Pesan yang bisa kita tangkap, jika kita sudah mendirikan masjid dilingkungan, sudah kita bersihkan dan rehab bangunanya dari kerusakan, maka langkah selanjutnya adalah memanggil manusia untuk beribadah bersama – sama didalamnya. Caranya bisa dengan adzan, dengan undangan pengajian, dengan pesan di medsos dan whatsapp. Atau kalau mau bisa mengikuti jejak aktivis jama’ah tabligh yang mengetuk pintu “door to door” untuk mengajak shalat berjama’ah. Karena bagi mereka yang berstatus tetangga masjid sesungguhnya memang tidak layak jika melaksanakan shalat wajib dirumah.
Pertanyaannya, siapakah yang dimaksud dengan tetangga masjid itu? Ternyata bukan hanya mereka yang rumahnya didepan atau samping kanan kiri masjid saja. Tetapi siapa saja yang masih bisa mendengar suara adzan, mereka itulah yang berstatus sebagai tetangga masjid. Berhubung adzan jaman sekarang sudah pakai speaker, otomatis semakin banyak kaum.muslimin yang berstatus sebagai tetangga masjid. Malah kadang mereka berstatus sebagai tetangga bagi beberapa masjid. He..9x.
Ukuran kemakmuran masjid, sekali lagi tidak dilihat dari megahnya bangunan atau melimpahnya hidangan takjilan.
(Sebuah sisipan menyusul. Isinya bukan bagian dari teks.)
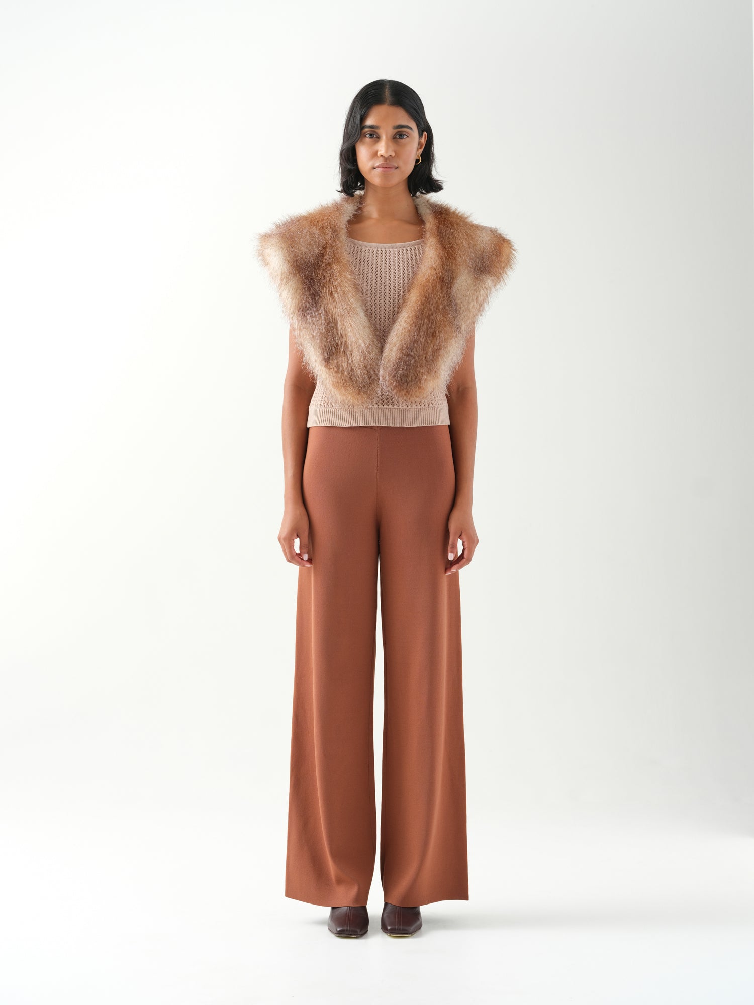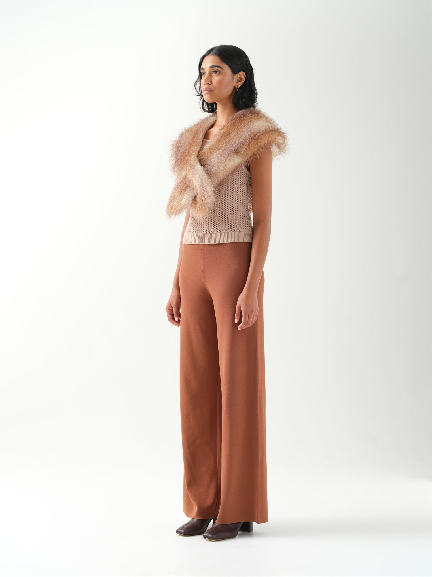 A minimalist staple with maximum impact. The Thread-Through Scarf in Desert is constructed from dense, high-pile faux fur, delivering warmth and structure in equal measure. Its classic silhouette make it an enduring cold-weather companion.

Tapi dilihat dari banyaknya aktivitas didalamnya serta diukur dari banyaknya jama’ah. Karena itu, ajaklah seluruh kaum muslimin untuk beribadah bersama – sama didalamnya. Jangan sampai, keberadaan masjid hanya dikhususkan bagi satu kelompok saja, satu jama’ah saja, satu ormas saja dll.
Khatimah
Jika masjid eksis di satu daerah, itu pertanda berhasilnya syiar dan dakwah islam. Tapi jika kondisinya memprihatinkan, maka itu jadi satu isyarat rendahnya kualitas keberagamaan umat islam disekelilingnya. Eksistensi masjid menjadi salah satu isu panas saat ini. Entah sebagai korban penggusuran dan tukar guling, atau karena turunnya peran dan fungsi masjid ditengah umat. Dulu masjid menjadi magnet dan pusat kegiatan umat, sekarang banyak peranan yang terpinggirkan dari masjid.
Jelang perang Badar, salah satu bentuk peneguhan jatidiri kaum muslimin adalah dialihkannya kiblat, dari Baitul Maqdis ke Baitullah. Kala itu, Baitullah berada dibawah kekuasaan kaum Quraisy. Mulai bangkitlah semangat jihad kaum muslimin untuk membebaskan Baitullah dari cengkraman kaum Quraisy. Saat ini, mulai banyak pemimpin daerah dan komunitas yang berupaya menggusur dan mengebiri peran masjid. Semoga, kondisi ini juga bisa menyadarkan dan membangkitkan daya juang kaum muslimin untuk bergerak dan berdakwah. Mari kita kuatkan tekad untuk meneruskan khidmat Nabi Ibrahim, dengan mendirikan, membersihkan dan memakmurkan masjid. Wallahu a’lam.